The 33 logos provoke a right question, a wrong question and a banal question. The question „Tell me, what you belong to and I´ll tell you who you are“ is taken up in the card game. The card game plays a key role here, as it were. It suggests an interference, a contamination and a fluctuation of powers, ideologies and interests. One way of putting it might be that with the world in flux the cards are shuffled and dealt anew. But appearances are misleading. Reading your fortune from the cards in the sense of what anybody would tolerate brings to mind Gabi Delgado´s „Ein bißchen Krieg, ein bißchen Frieden“ („A bit of war, a bit of peace“) a DAF (the acronym stands for German-American Friendship) song which topped the charts back in the early 1980s. Jochem Hendricks´ „World Map“ does not invite us to join in some adventure or whet our appetites for travel. If you do not know where you belong you fall between two stools.

„On a dark afternoon in March“, writes Reinhard Lettau, „in Erfurt we saw a convoy of US cars on the exit road for Gotha; they were painted olive green and with large foreign number plates and were driving past in the direction of Hochheim. Behind the steamed-up windows the people in them were smiling to the outside world while driving past and waving, although there was no one to be seen.“ (Zur Frage der Himmelsrichtungen, Munich, 1988, p. 72.)

It is perhaps worth mentioning here that Jochem Hendricks is fundamentally interested in areas of perception: having said which, he is more interested in the irony of feedback than in the object perceived. The physiology of the act of perception is overtaxed when, for example, he uses the most modern of technical aids to produce drawings solely following the movements of his eyes (1991-92). In 1989 he recreated the genetic structure of DANN molecule in monumental loops using Baroque angels, thus rendering the popularization of this insight into human life in a trivialized form which inexorably focuses on the surface – highlighting before our very eyes the gap between information and knowledge to be an almost unbridgeable abyss.
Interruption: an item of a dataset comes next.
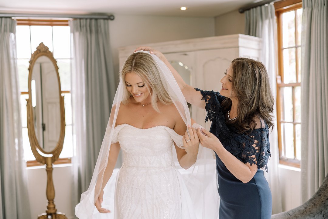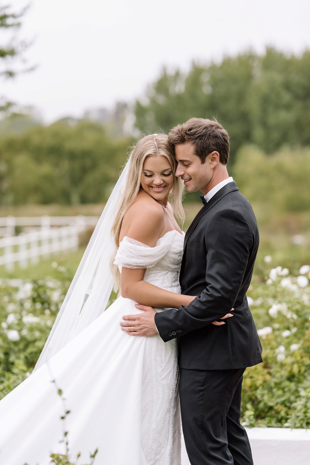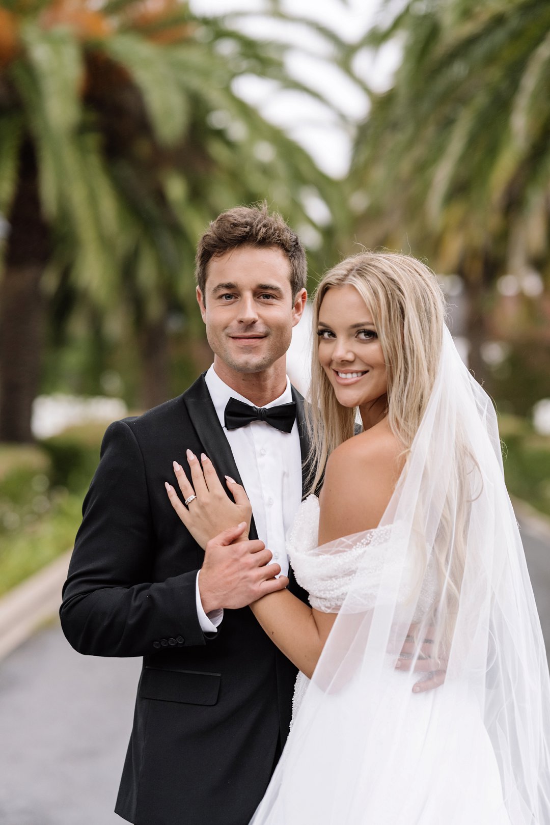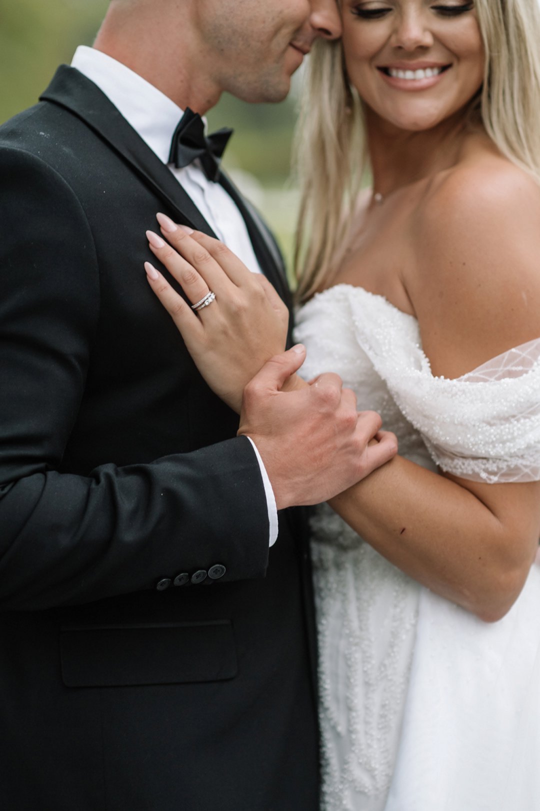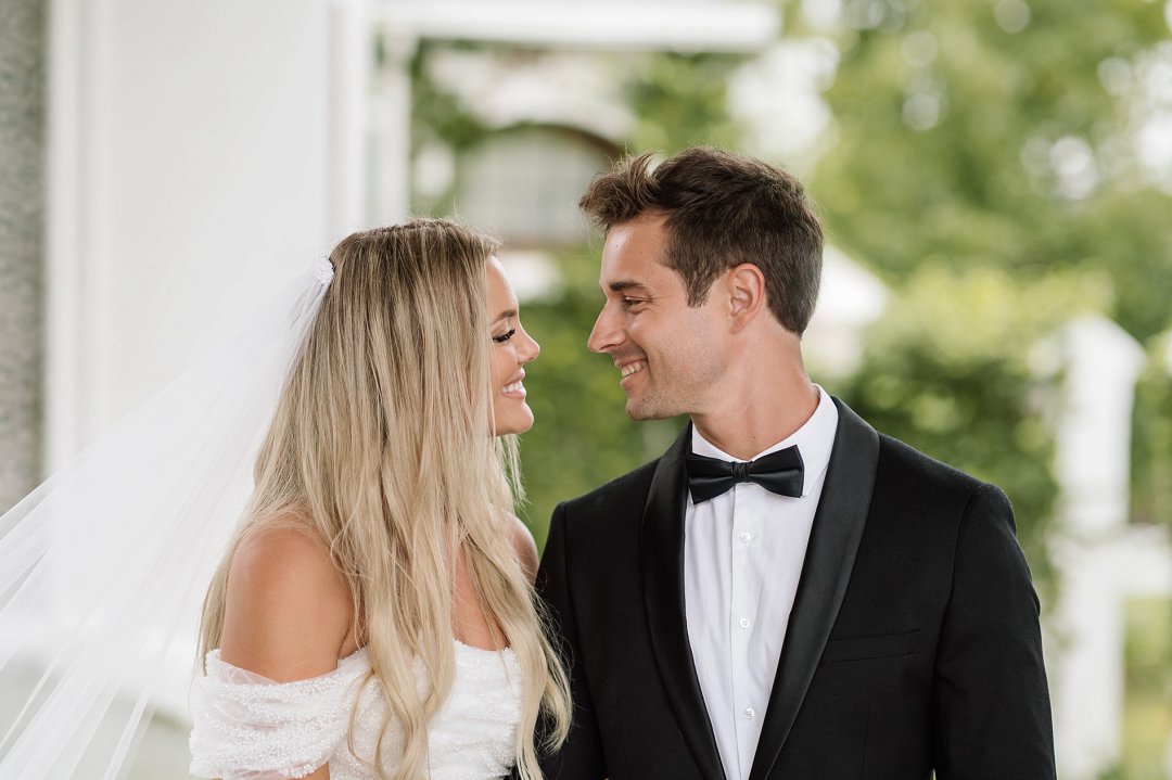Ons is totaal-en-al dolverlief op die Michelle se trourok! Die lang sluier en oop skouers, te same met die fyn kralewerk detail op die trourok is dit ʼn besonderse trourok wat haar voorkoms baie goed gekomplimenteer het. Die bruidegom se swart troupak met die strikdas is so deftig en werk perfek saam met die troue se styl.

In 1991 – 92 he used ping-pong balls to construct precise macro models of the structure of viruses such as cancer, influenza, alfalfa dwarf disease, AIDS, yellow fever, polio and herpes. The ping-pong balls allude, among other things, to the medical expression „the ping-pong effect“, which refers to the spread of a virus from one human being to another. The cold dull aesthetics of the models, which hang suspended from the ceiling, is in violent contrast to the „malignancy“ of the viruses; the precision of the constructions to a certain extent with their surefire ability to infect. You are reminded of an astrophysicist who uses sober and often everyday terms to make our universe understandable, a universe in which, in fact „all hell has broken loose“.

Jochem Hendricks´ icy intelligence turn the words right around in our mouths, making us aware that we are at a loss for words when confronted with the changes which essentially occur in the world of microprocessors.